Royal Scottish National Orchestra
“Earlier this year, when word got out that the RSNO was going to introduce a new series of early-evening concerts, there were suggestions that it was probably going to be a lightweight venture: get the punters in on their way home from work or shopping, and give them a quick fix of something popular from the classical mainstream.

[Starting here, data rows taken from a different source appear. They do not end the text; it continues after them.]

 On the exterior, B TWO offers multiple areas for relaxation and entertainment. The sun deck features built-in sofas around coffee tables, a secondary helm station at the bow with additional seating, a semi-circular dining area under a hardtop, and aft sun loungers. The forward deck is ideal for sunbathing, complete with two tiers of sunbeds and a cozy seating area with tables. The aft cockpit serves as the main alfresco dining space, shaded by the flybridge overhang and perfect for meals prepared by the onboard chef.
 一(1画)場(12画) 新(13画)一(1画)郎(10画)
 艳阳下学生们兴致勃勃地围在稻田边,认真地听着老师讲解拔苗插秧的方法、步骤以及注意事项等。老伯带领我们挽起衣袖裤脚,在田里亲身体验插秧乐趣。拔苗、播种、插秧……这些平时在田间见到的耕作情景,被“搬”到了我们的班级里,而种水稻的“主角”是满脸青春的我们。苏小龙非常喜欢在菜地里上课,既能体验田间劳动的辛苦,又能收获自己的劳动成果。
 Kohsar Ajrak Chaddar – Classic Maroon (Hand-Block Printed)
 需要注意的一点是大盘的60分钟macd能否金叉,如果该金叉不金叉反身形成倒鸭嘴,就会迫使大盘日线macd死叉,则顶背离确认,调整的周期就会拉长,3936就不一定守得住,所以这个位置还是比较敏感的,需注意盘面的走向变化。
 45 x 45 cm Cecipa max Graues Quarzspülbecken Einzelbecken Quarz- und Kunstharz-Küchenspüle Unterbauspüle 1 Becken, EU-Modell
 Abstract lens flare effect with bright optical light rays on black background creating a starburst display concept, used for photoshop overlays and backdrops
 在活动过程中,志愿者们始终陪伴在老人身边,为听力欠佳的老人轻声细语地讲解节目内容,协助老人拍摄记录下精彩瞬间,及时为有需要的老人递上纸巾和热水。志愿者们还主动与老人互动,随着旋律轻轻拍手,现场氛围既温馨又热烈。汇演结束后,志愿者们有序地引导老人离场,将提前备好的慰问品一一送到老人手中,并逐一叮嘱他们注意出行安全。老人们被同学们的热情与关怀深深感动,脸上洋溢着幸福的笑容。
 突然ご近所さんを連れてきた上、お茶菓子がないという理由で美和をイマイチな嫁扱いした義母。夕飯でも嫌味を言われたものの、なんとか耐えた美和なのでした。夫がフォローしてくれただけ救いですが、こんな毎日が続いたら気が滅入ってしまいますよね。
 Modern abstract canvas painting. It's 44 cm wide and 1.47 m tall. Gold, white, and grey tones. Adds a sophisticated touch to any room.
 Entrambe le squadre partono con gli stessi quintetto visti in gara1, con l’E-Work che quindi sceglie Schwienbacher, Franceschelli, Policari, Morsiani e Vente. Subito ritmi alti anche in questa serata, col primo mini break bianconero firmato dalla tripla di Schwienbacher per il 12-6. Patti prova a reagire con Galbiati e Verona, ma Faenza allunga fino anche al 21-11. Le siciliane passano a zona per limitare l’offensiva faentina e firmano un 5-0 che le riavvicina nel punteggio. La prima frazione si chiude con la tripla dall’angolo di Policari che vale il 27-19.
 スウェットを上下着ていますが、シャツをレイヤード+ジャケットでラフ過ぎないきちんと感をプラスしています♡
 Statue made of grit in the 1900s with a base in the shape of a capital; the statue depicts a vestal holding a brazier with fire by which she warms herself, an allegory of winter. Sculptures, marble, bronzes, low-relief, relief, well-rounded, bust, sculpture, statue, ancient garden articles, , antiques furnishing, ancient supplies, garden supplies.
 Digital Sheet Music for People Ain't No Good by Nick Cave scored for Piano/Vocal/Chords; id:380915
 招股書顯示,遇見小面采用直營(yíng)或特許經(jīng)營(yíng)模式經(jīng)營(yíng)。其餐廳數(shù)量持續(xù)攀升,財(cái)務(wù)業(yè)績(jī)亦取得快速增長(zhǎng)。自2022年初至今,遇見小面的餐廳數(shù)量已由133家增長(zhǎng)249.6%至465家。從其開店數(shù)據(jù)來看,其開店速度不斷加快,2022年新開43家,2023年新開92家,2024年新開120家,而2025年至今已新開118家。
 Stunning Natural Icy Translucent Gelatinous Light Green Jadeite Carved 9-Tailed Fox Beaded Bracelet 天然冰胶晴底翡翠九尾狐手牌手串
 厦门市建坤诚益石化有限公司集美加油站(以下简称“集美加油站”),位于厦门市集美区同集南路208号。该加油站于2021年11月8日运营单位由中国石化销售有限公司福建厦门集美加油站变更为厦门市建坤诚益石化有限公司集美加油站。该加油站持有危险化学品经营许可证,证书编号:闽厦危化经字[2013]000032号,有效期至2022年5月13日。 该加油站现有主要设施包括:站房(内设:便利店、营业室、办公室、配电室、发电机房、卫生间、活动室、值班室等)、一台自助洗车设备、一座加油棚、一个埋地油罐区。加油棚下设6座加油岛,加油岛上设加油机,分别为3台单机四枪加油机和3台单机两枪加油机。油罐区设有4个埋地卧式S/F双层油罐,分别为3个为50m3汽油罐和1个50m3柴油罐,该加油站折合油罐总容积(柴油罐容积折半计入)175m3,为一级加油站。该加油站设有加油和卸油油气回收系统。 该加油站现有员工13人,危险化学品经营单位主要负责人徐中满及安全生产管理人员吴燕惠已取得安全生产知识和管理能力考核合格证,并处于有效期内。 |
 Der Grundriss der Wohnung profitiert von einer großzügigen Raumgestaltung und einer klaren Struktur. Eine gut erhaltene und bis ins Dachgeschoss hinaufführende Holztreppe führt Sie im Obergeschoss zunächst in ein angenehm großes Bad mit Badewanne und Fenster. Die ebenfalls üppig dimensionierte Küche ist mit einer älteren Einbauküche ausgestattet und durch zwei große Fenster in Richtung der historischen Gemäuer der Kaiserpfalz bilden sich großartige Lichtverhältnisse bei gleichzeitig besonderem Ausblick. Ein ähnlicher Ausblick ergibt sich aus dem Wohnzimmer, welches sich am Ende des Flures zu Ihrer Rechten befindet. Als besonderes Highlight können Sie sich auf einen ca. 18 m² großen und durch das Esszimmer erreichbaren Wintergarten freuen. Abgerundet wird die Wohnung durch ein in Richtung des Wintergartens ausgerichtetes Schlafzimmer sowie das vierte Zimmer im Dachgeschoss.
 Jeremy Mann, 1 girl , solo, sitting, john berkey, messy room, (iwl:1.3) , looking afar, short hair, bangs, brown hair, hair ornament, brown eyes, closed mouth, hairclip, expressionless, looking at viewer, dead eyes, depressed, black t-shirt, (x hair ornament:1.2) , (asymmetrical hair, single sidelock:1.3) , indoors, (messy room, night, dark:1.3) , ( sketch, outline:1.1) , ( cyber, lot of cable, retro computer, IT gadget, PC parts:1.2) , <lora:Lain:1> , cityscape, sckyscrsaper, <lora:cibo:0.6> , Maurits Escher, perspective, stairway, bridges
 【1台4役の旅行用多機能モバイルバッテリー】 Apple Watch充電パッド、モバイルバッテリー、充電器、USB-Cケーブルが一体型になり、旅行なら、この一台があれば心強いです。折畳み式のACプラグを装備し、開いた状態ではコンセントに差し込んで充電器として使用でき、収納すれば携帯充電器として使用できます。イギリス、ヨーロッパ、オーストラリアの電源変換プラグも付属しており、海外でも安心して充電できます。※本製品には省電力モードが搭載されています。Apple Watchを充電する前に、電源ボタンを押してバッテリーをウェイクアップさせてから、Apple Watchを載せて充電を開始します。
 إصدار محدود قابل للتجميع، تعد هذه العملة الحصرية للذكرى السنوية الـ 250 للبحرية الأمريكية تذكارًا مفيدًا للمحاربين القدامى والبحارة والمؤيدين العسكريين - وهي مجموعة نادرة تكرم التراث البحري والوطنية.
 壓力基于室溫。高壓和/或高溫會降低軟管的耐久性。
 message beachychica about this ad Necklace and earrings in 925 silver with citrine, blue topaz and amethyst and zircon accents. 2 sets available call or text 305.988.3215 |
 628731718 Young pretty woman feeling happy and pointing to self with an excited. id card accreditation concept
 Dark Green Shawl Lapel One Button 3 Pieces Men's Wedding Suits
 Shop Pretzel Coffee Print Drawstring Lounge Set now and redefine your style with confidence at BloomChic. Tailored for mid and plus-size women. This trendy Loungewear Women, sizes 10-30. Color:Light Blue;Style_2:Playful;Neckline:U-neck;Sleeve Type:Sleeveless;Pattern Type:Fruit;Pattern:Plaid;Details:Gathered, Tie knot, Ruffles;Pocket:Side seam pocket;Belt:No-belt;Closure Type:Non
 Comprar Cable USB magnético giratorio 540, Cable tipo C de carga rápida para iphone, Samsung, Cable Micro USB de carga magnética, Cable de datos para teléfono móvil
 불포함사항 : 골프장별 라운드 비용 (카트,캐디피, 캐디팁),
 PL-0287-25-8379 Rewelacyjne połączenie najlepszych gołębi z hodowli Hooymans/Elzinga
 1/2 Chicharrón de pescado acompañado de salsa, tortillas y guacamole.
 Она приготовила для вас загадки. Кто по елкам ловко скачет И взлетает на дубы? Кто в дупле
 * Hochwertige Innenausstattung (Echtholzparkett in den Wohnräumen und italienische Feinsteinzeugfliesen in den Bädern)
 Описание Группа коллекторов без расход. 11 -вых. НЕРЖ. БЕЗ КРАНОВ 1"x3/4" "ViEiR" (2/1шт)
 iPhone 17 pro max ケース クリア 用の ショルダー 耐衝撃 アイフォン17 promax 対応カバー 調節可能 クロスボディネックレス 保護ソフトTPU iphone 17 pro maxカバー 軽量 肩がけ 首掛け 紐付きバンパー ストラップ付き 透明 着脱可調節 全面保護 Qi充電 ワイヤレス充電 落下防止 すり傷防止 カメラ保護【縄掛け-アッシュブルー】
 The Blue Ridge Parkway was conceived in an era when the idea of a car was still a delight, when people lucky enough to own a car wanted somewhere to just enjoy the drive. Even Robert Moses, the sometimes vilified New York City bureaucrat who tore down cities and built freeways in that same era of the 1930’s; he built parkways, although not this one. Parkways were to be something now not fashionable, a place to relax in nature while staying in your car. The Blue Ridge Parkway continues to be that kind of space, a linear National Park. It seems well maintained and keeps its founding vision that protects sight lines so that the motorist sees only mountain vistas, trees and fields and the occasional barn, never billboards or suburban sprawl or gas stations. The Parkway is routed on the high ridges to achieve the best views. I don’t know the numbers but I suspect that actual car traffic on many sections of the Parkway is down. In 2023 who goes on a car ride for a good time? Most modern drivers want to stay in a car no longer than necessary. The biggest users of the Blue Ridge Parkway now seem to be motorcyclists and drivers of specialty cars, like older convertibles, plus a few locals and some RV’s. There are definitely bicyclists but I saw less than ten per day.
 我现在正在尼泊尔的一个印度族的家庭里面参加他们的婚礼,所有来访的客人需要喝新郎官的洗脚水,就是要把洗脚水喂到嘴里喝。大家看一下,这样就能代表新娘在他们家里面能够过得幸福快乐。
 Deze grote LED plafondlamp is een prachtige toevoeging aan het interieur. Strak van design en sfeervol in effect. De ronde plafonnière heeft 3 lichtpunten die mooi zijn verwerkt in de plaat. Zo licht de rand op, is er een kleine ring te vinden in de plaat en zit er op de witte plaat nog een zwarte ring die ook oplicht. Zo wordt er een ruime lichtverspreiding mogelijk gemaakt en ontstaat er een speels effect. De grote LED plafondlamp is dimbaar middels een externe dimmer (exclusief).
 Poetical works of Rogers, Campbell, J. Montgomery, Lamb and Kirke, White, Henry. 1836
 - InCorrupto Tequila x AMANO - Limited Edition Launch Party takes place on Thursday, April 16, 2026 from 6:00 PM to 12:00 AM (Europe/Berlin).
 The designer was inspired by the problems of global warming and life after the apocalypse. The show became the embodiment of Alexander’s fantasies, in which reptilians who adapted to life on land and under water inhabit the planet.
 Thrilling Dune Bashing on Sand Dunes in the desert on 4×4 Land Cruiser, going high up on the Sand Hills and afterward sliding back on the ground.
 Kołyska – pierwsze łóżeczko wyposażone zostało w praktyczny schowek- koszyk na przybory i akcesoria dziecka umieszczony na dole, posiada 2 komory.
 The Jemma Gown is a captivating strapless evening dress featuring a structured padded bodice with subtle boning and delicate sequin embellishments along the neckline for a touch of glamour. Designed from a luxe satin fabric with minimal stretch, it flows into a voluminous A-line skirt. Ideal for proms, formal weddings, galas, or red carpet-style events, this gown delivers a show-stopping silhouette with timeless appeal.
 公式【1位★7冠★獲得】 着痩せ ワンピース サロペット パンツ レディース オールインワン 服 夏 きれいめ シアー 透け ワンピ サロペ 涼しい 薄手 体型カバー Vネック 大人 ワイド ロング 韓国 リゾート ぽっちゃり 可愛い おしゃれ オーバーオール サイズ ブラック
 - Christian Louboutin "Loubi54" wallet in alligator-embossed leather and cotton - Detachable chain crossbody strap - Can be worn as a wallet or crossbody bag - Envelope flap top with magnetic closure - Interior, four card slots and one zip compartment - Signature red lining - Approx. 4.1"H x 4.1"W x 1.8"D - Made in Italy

Any vestige of that notion must have been comprehensively dispelled last night in the second concert of the series which featured, respectively, music of the greatest profundity in Elgar’s Cello Concerto and some of the most dangerously volatile and explosive music in the repertoire, in the form of Carl Nielsen’s Fourth Symphony, the Inextinguishable, which also happens to be one of the most sensationally exciting symphonies in the book.
Admittedly, in the hands of James Lowe, the RSNO’s associate conductor, Nielsen’s symphony found a director who seems to have a flair for the ultra-dynamic, combative music that draws its impetus from conflict and tension: does anyone remember his pulverising version of Holst’s Mars a good while ago?
Lowe is a deep-end conductor, which absolutely suited the Nielsen in this volcanic interpretation which erupted before the crowd (at around 800 strong). Lowe did not miss a moment in those pages of the symphony where the tensions mount and boil, and clash – especially in the outstandingly-played antiphonal timpani duels of the finale – though in between times the momentum was less certain.”